I would have just kept my extraordinary determination. No need to pay attention to the others’ path, where they would go, or neither how far they are. I’ll just go on my own path. Fast or slow, it would just be my own speed that I can cope with. If I fail, I’ll just do it again. I’ll just keep continue doing it since no matter how the result is I’ll still be alive and can try again as long as I want to. I’ll just do my best with it. Focus on it. I did choose this path by myself. I have to believe and keep the faith on the choice I chose. Even though I might be disappointed because of it, cry, angry, or I might want to give up, one thing I want to tell myself in the future is that you are allowed to be tired, to feel dejected, to feel like giving up, to fall down. But I just want to remind you that you are always able to get up and continue.

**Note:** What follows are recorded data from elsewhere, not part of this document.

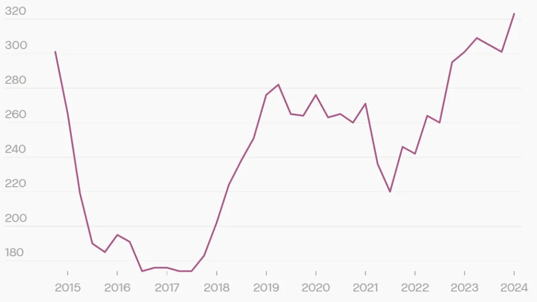 過去十年中美國每個季度的藥物短缺數(shù)量
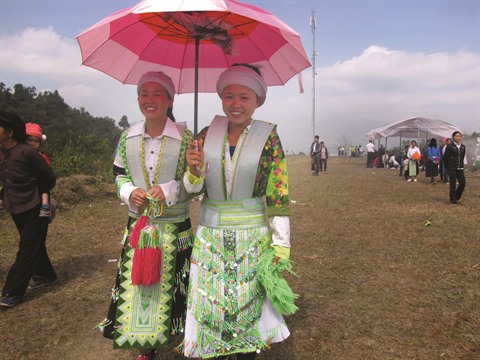| Deux jeunes femmes H’mông en tenue traditionnelle. |
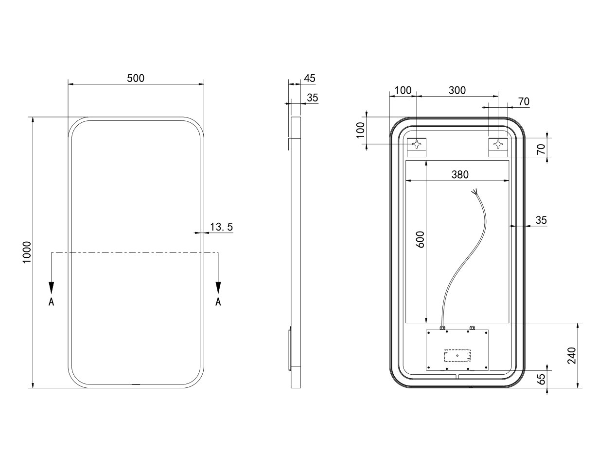 Hotbath &More spiegel soft square 50x100cm directe & indirecte verlichting – geborsteld zwart PVD – SSQ510MBP
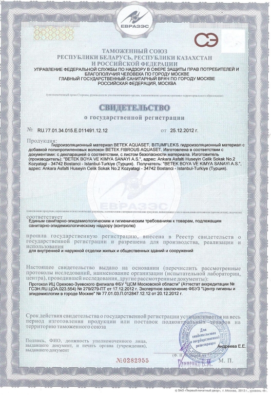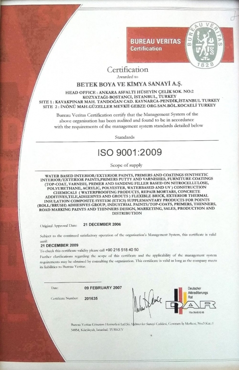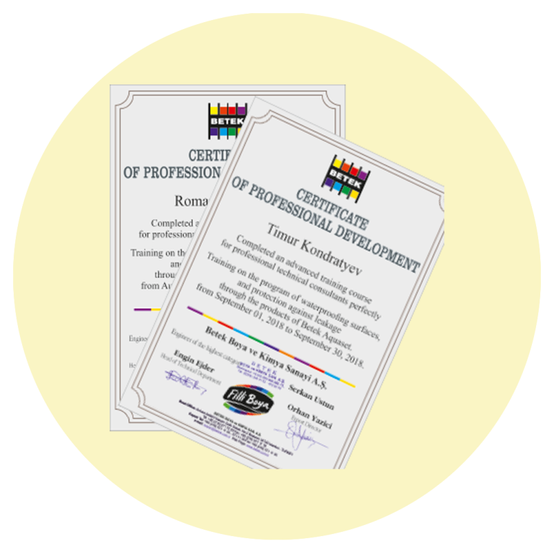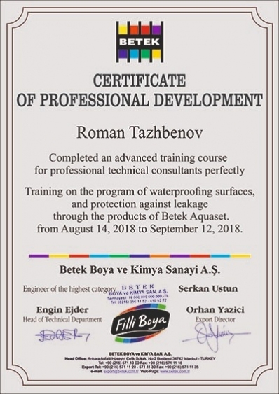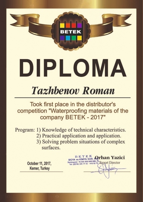 Сертифицирован Техническим отделом завода BETEK 2017г. г. Стамбул.

Don’t leave your extraordinary determination. It might take short or long period of time to be successful but everything is experience. It would teach you in somehow no matter what.

Don’t lose faith in yourself. Don’t look down on yourself but also stay humble and don’t be vain. Always gather your mind, that’s the important point.

Don’t pay attention to the others, and also the way they look at you. You only need to know who you are and what you are doing. That’s enough.

Remember that only one person that you need to overcome is your own self.

*****

Reading this helped me gather my mind. Everything just suddenly turned to be brighter. I’m still going on my own way, my own speed. That’s enough.

Hardest part for me is I still compare myself with others in some way. This message from another me just reminded me to focus on my own way.

Yes, since everyone is unique and special in their own way. Why I have to compare myself with anyone?